Virtual machine, - revisited

After implementing the first version of the virtual machine, here is some of my own notes for the next version.

Virtual machine

I work with a clear division of words and chunks.

Currently the chunks are handled as the offset of the chunk into the heap. It would be nicer to change this to be a word pointer, to the beginning of the content of the chunk.
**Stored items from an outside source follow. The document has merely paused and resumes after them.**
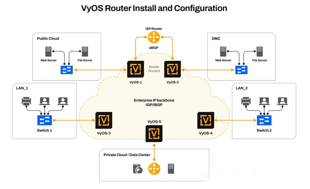 VyOS 作为一个开源的网络操作系统,提供了强大的路由、安全和 VPN 功能,使其成为构建灵活、可扩展且经济高效的企业网络的理想选择。以下是其6大核心使用场景。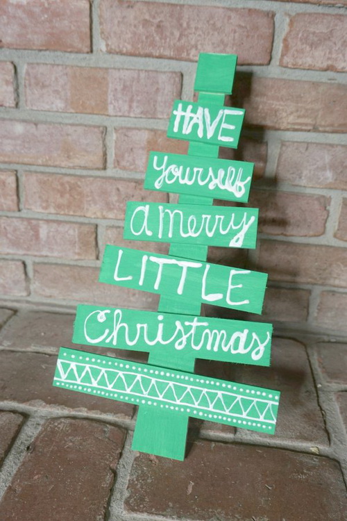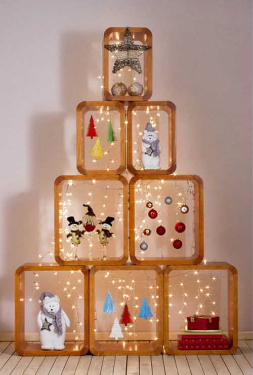 ถ้าพอมีเวลาหน่อย ใช้แผ่นไม้มาเลื่อยตัดให้เป็นรูปทรงต้นคริสต์มาส แล้วทำเป็นชั้นวางของได้ด้วย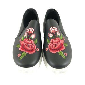 Refresh Womens Slip On Sneakers Embroidered Floral Faux Leather Black Size 6.5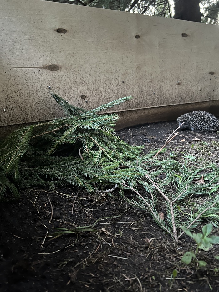 Ежата выросли до габаритов взрослых ежей, стали деловыми и серьезными. Много гуляют, для развлечений продолжаем запускать им в загон лягушек. Положили веток и лапник, ежи смастерили из него подобие шалаша. Но спят исключительно в домике. Может, у вас есть идеи что еще поместить в газон ежикам чтоб скрасить их жизнь до зимовки?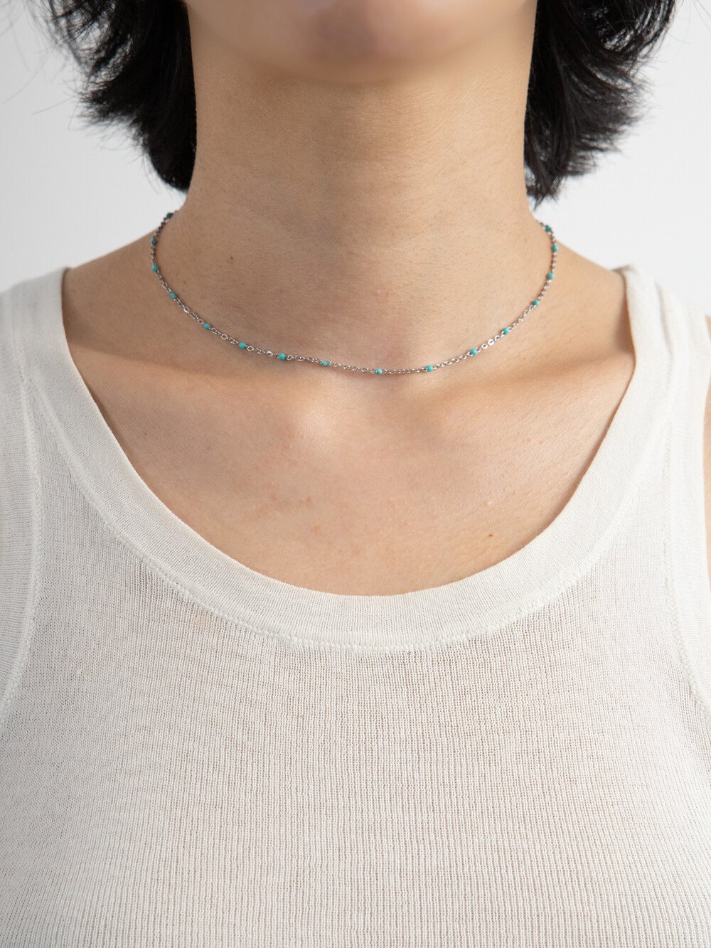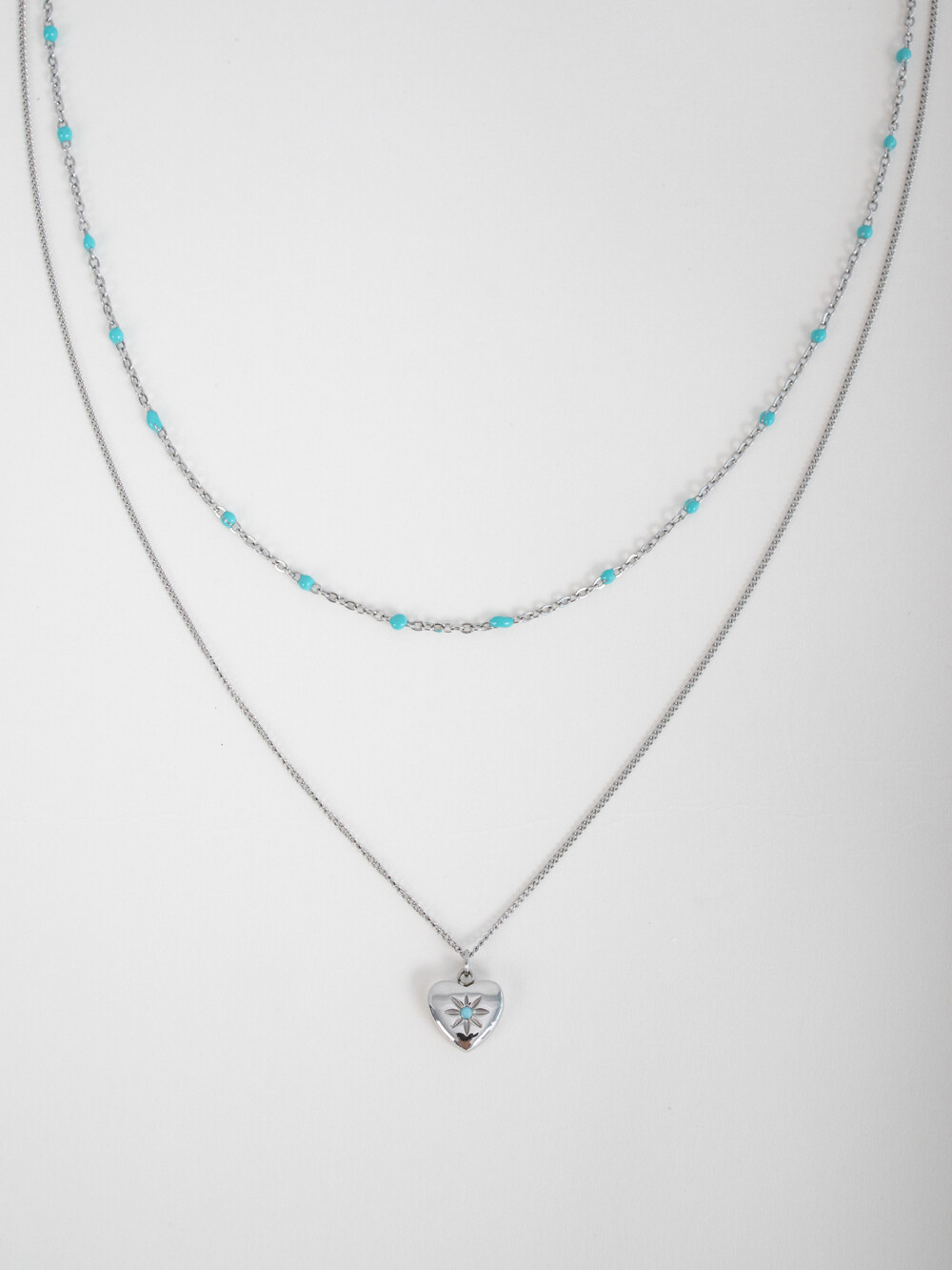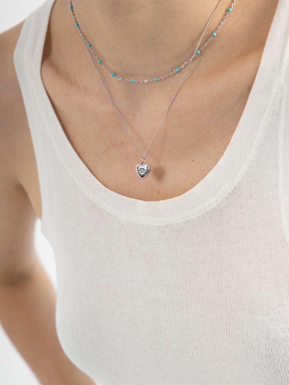 민트 컬러볼이 박힌 체인 네클리스와 중앙에 민트로 포인트를 준 하트 팬던트 네클리스가 세트로 구성된 아이템 입니다. 레이어드 해서 착용하기 좋은 디자인이며, 각기 따로 착용해도 웨어러블 하게 사용할 수 있어 유용한 네클리스 입니다. 전체 써지컬 스틸 소재로 제작되었습니다.

The chunk has three words of meta-data

Notice that the gc-word is always zero, except during garbage collection. This means that the first byte after the data is always zero, and strings in chunks can be read as zero-terminated c-strings.

Atoms

At the beginning/back of the stack, is where global atoms/defines, which can be changed, are saved. This works well with the garbage collector, as the stack is the root / only non-persistent/immutable part of the memory.

Functions/code

The code/functions lives on the heap, and may thus be relocated during garbage collection. Instead of just having an instruction pointer, it thus makes sense to see a code address as a function pointer plus an offset into the function code.

A frame pointer will also be useful, as it allows RET-instruction, and ARG1, ARG2, … LOCAL1, … as single byte instructions.
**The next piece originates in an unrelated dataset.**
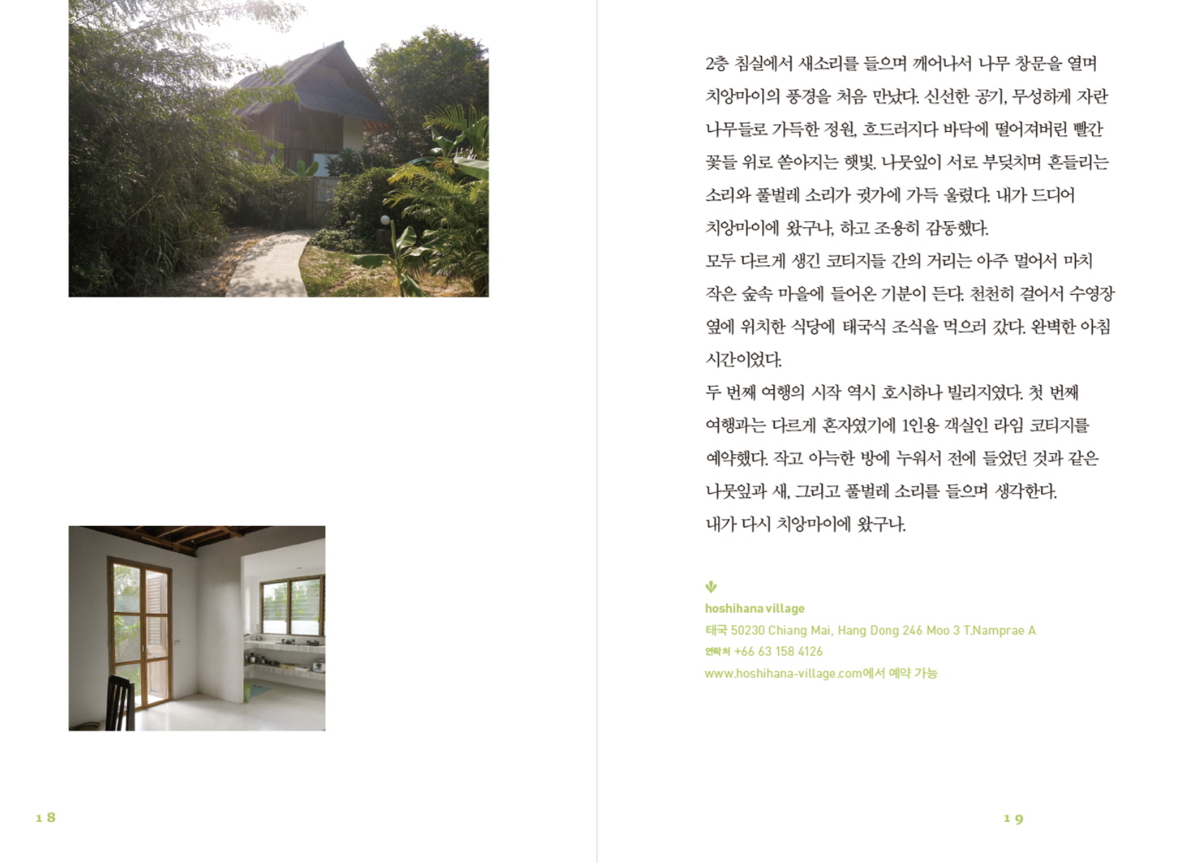 2층 침실에서 새소리를 들으며 깨어나서 나무 창문을 열며 치앙마이의 풍경을 처음 만났다. 신선한 공기, 무성하게 자란 나무들로 가득한 정원, 흐드러지다 바닥에 떨어져버린 빨간 꽃들 위로 쏟아지는 햇빛. 나뭇잎이 서로 부딪치며 흔들리는 소리와 풀벌레 소리가 귓가에 가득 울렸다. 내가 드디어 치앙마이에 왔구나, 하고 조용히 감동했다. 모두 다르게 생긴 코티지들 간의 거리는 아주 멀어서 마치 작은 숲속 마을에 들어온 기분이 든다. 천천히 걸어서 수영장 옆에 위치한 식당에 태국식 조식을 먹으러 갔다. 완벽한 아침 시간이었다. 두 번째 여행의 시작 역시 호시하나 빌리지였다. 첫 번째 여행과는 다르게 혼자였기에 1인용 객실인 라임 코티지를 예약했다. 작고 아늑한 방에 누워서 전에 들었던 것과 같은 나뭇잎과 새, 그리고 풀벌레 소리를 들으며 생각한다. 내가 다시 치앙마이에 왔구나.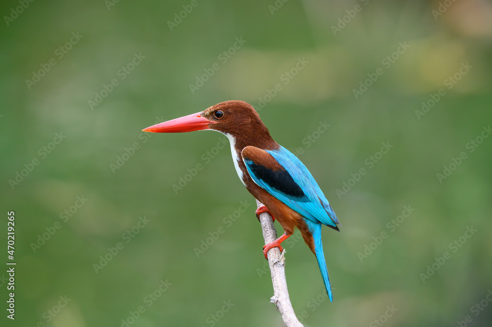 Fototapeta Closeup white-throated Kingfisher, A fish-eating bird with a large beak

Interaction with the virtual machine

Interaction is done by sending a block of bytecodes to the virtual machine, which is then executed. The virtual machine should have instructions for building function definitions etc. in the heap.

PUSH_BYTE CLOSURE 0                ; write bytecodes for reading first object in closure
PUSH_BYTE CALL_CLOSURE 1           ; write bytecode for printing a value
PUSH_BYTE RET                      ; write bytecode return, - total number of bytecodes are 4
"Hello world!"                     ; pushes reference to heap object "Hello world!" 
GLOBAL #0 "print" DICT_GET         ; get print-function in the table of globals
5                                  ; length of bytecodes
2                                  ; length of closure
FUNCTION_TYPE NEW                  ; create a function object
GLOBAL #0
"hello"                            ; intended global name of function
LOCAL0                             ; the created function
ASSOC
SET_GLOBAL #0
RET

Create a new function using the global function “print” to print hello world, and save it as “hello” in global0.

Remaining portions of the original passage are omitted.